New York Mets Recruit Knights to Help Future MLB Stars

New York Mets Recruit Knights to Help Future MLB Stars

Jessica Walker is one of the three UCF students spending the semester in the Dominican Republic to teach prospective New York Mets players English and introduce them to life in the U.S.

Three University of Central Florida students are trailblazing a new method of teaching English language and American culture to potential Major League Baseball players.

This spring, Jessica Walker, Elizabeth Maldonado de Segura and Laura Estupiñan are living at the New York Mets baseball academy in Boca Chica, Dominican Republic, preparing about 80 players for life in the United States.

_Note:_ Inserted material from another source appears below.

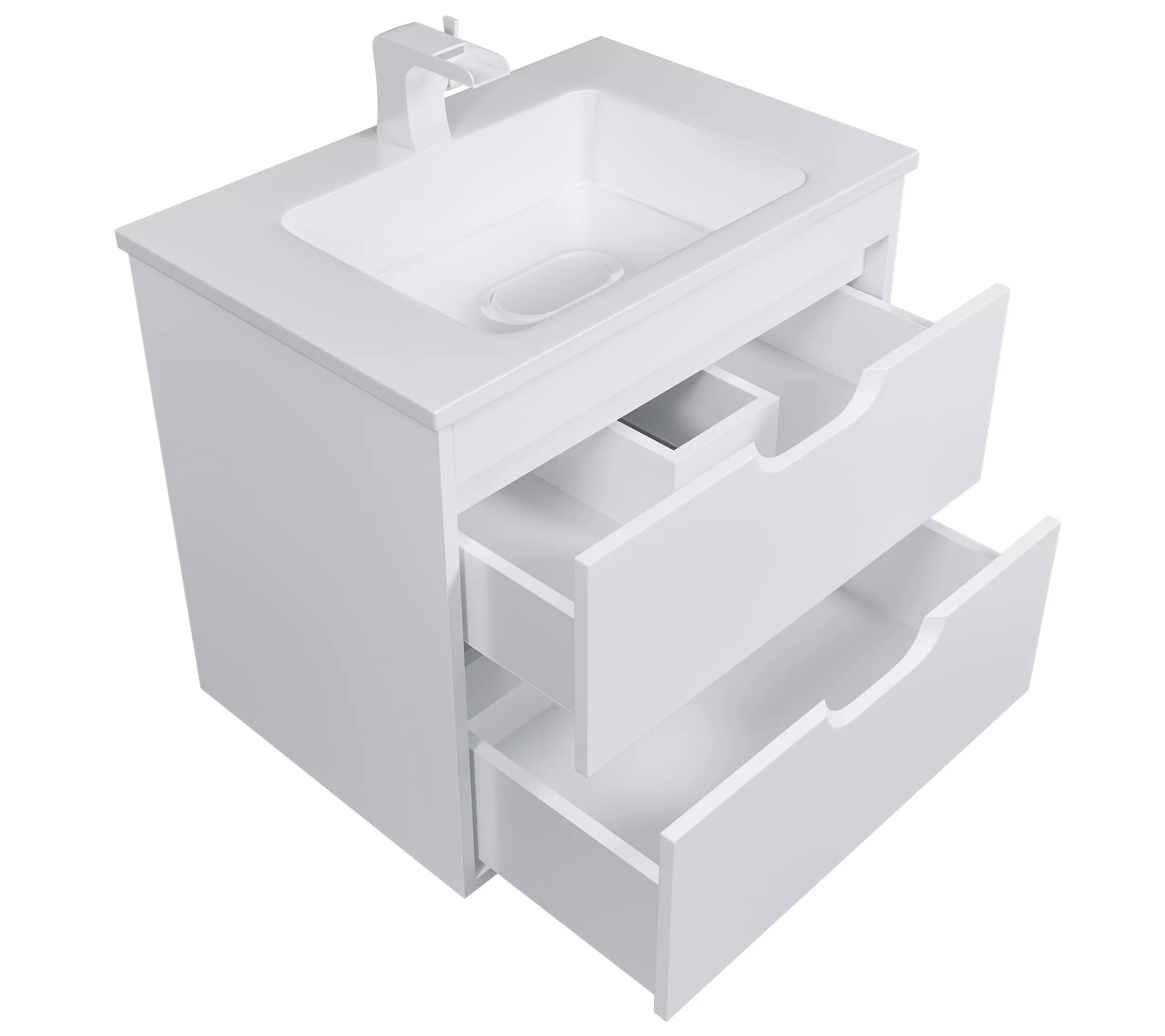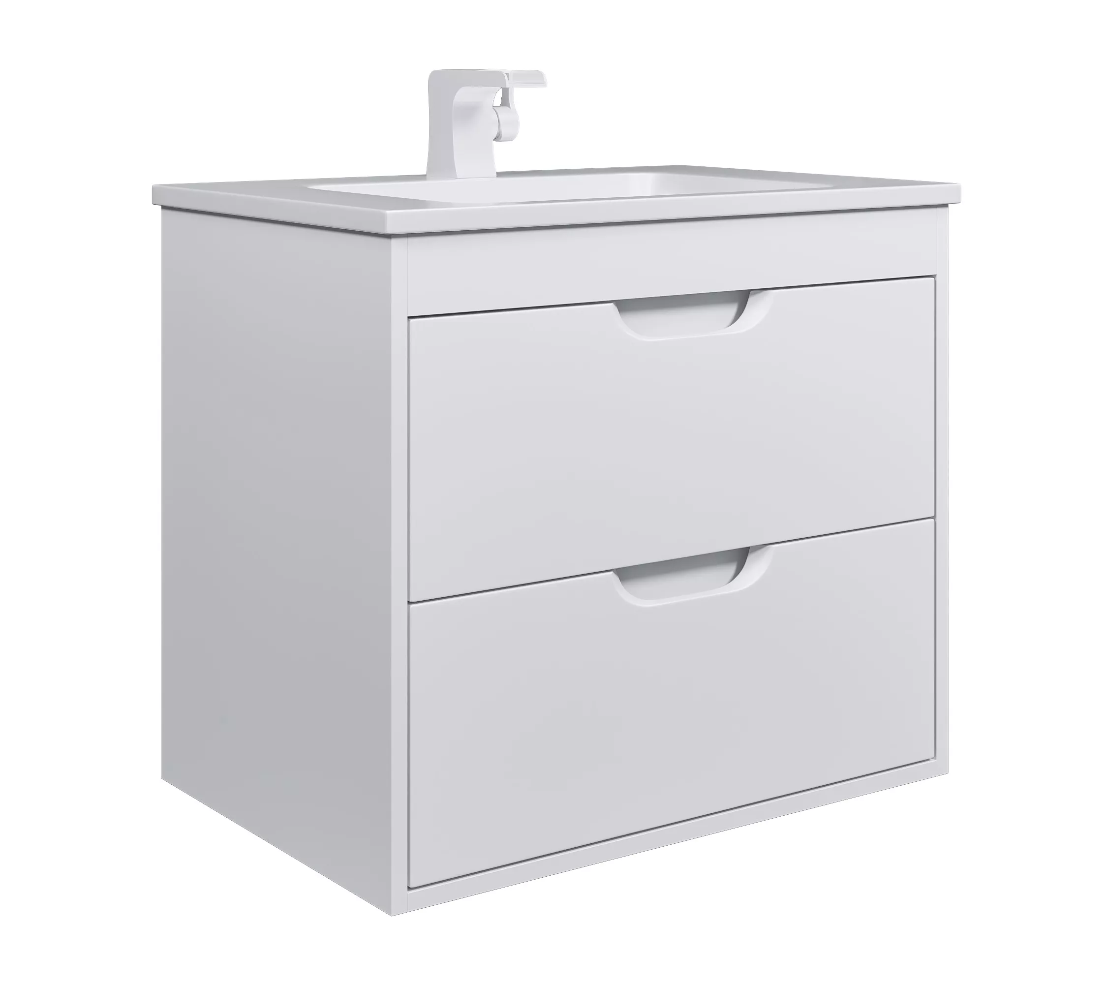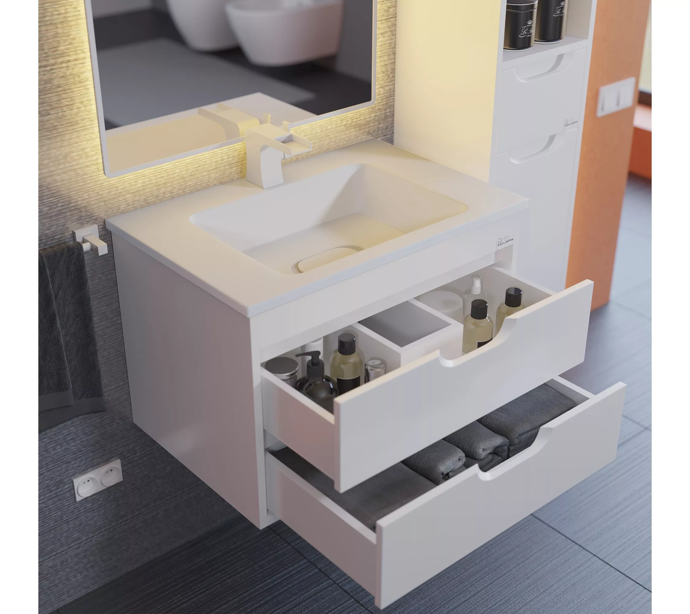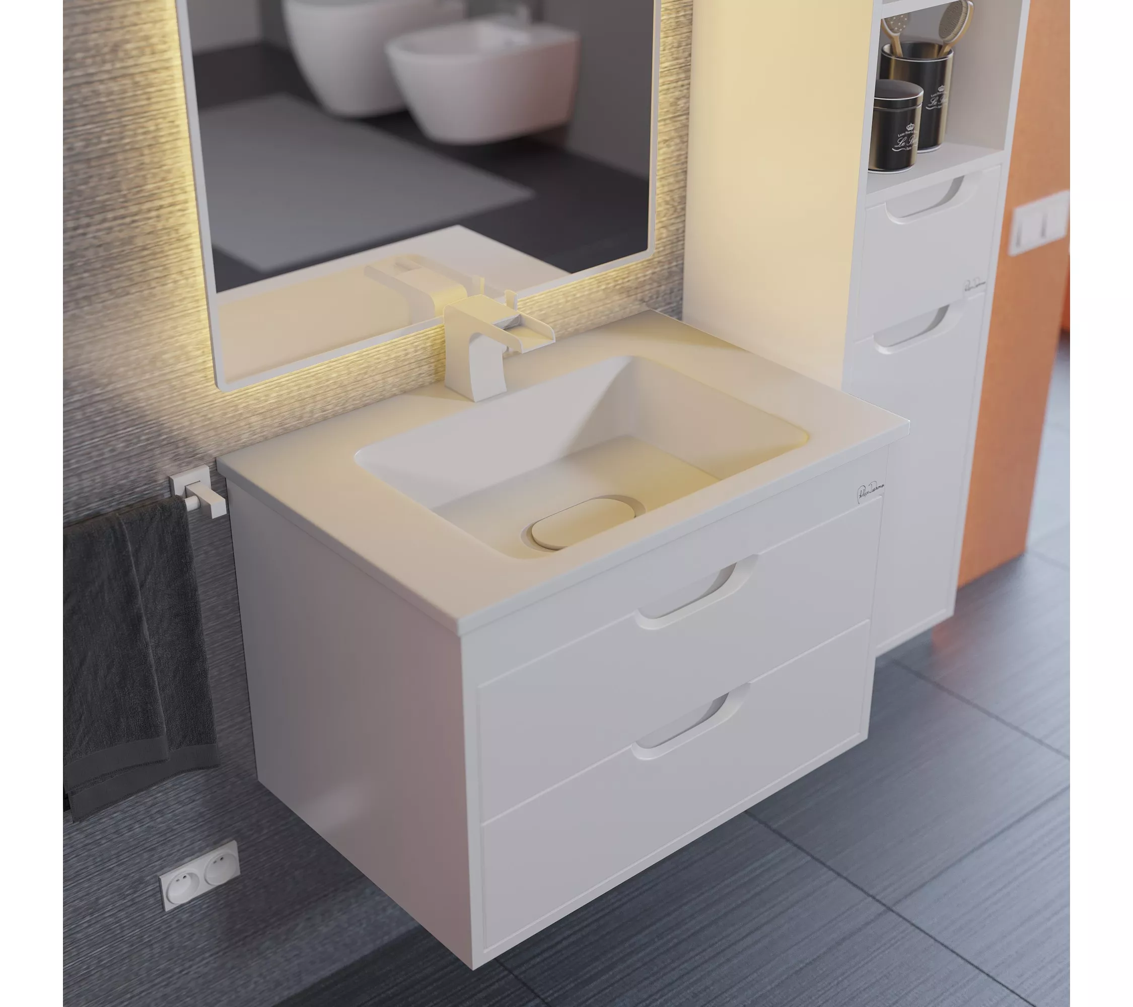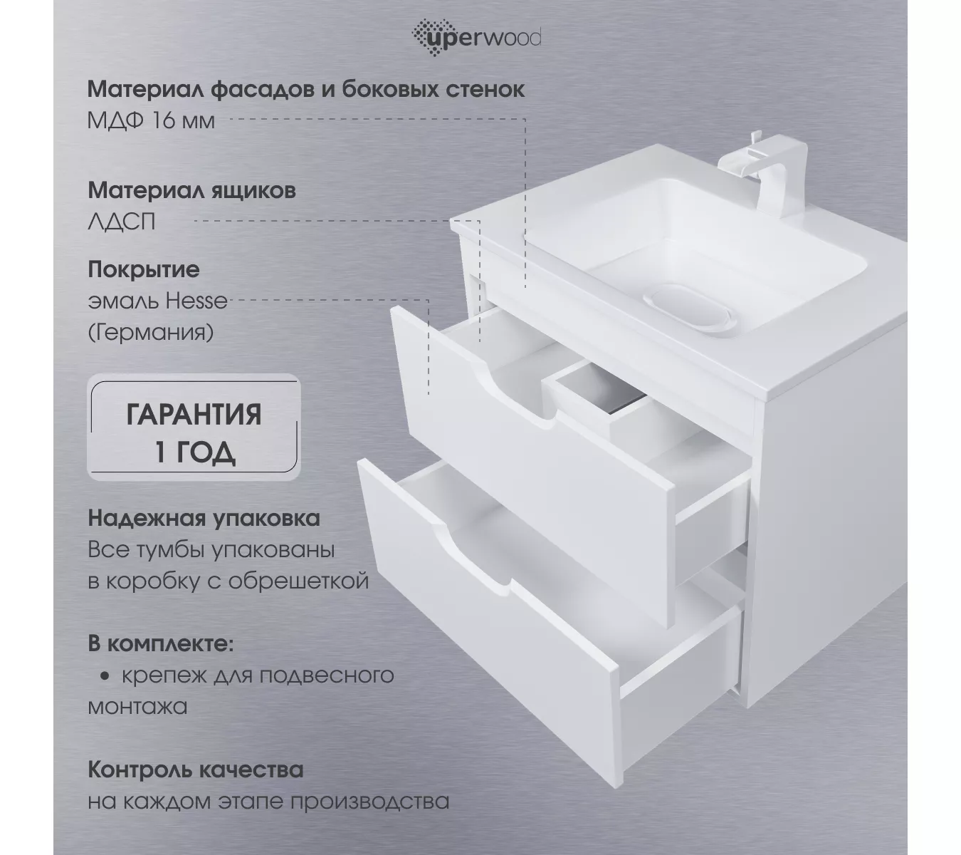 К тумбам Uperwood Modul подходят полувстраиваемые раковины из коллекции Uperwood Modul, выполненные из литьевого мрамора. Раковина подбирается строго под размер тумбы.

The UCF students, all part of The Burnett Honors College, spend an hour each day teaching players basic English, including baseball and cultural terminology that will help them understand their coaches and fellow players and adapt to a new life.

To supplement the players’ English lessons, their UCF teachers also host activities to familiarize the athletes with American customs, foods and hobbies. Since the students live at the academy, they eat all of their meals with the players and constantly work on the players’ conversational English.

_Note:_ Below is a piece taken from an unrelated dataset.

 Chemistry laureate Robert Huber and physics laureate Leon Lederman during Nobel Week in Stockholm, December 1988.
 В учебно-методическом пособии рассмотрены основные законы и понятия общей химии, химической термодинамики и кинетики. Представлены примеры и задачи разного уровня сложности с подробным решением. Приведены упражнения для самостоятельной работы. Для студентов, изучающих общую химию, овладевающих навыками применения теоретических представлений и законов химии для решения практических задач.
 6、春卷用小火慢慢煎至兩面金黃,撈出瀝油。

Walker, a junior studying marketing and nonprofit management, said she’s inspired by the willpower the players put forth every day.

“Each day the players continue to give 100 percent, and even after hours of practice come to my class ready to learn, because they know English is necessary to succeed in the United States. They never give up,” Walker said. “I have tried to embody this same mentality so that I can be a positive role model for my students, and I walk home each day in awe of their persistence and dedication in bettering themselves.”

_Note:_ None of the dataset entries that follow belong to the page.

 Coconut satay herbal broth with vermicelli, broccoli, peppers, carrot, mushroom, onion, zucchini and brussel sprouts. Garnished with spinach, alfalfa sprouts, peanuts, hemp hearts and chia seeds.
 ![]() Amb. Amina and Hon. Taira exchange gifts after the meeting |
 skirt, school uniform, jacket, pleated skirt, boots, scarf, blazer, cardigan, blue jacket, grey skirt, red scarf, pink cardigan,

Like many MLB teams, the Mets were previously using a consulting company to teach English to their academy players but said they weren’t seeing much in terms of academic structure or results.

“I’m very excited about our unique partnership,” said Jon Miller, director of minor league operations for the Mets. “Having UCF students teach English to our players in the Dominican Republic and helping them understand the culture and customs of the United States will be of tremendous help to them as they aspire to succeed in our organization.”

Three UCF students are preparing players at the New York Mets baseball academy in the Dominican Republic for life in the United States.

Estupiñan, Maldonado de Segura and Walker are preparing players at the New York Mets baseball academy in the Dominican Republic for life in the United States.

Kelly Astro, director of research and civic engagement for the honors college, said the social activities are beneficial because they introduce players to cities where the Mets have minor league clubs.

“Along with basic American cultural training, our students host events to familiarize the players with life in Las Vegas, Tennessee, Savannah and New York, all places where some of these players may end up while part of the Mets organization,” said Astro, who hopes to have UCF students at the Mets academy every semester.

The UCF students say they’re getting a lesson of their own. The players have reciprocated by giving them “Spanish class” and sharing their language with them. They’ve also learned baseball history.

Maldonado de Segura, a graduate student in the Teaching English to Speakers of Other Languages program (TESOL), said she and her fellow Knights have been fortunate to meet and speak with Ozzie Virgil Sr., the first Dominican to play in the major leagues.

“He has the best stories of playing with Jackie Robinson and other baseball legends,” she said, adding that they even got to attend the ceremony for his induction into the Latin American Baseball Hall of Fame.

Estupiñan, a senior studying psychology, said her favorite part of the experience is witnessing the students making progress firsthand.

“Seeing where they started and where they are now is amazing,” she said. “They’ll personally come up to us and tell us they love the way we teach and that they learn a lot. It is very rewarding to hear that.”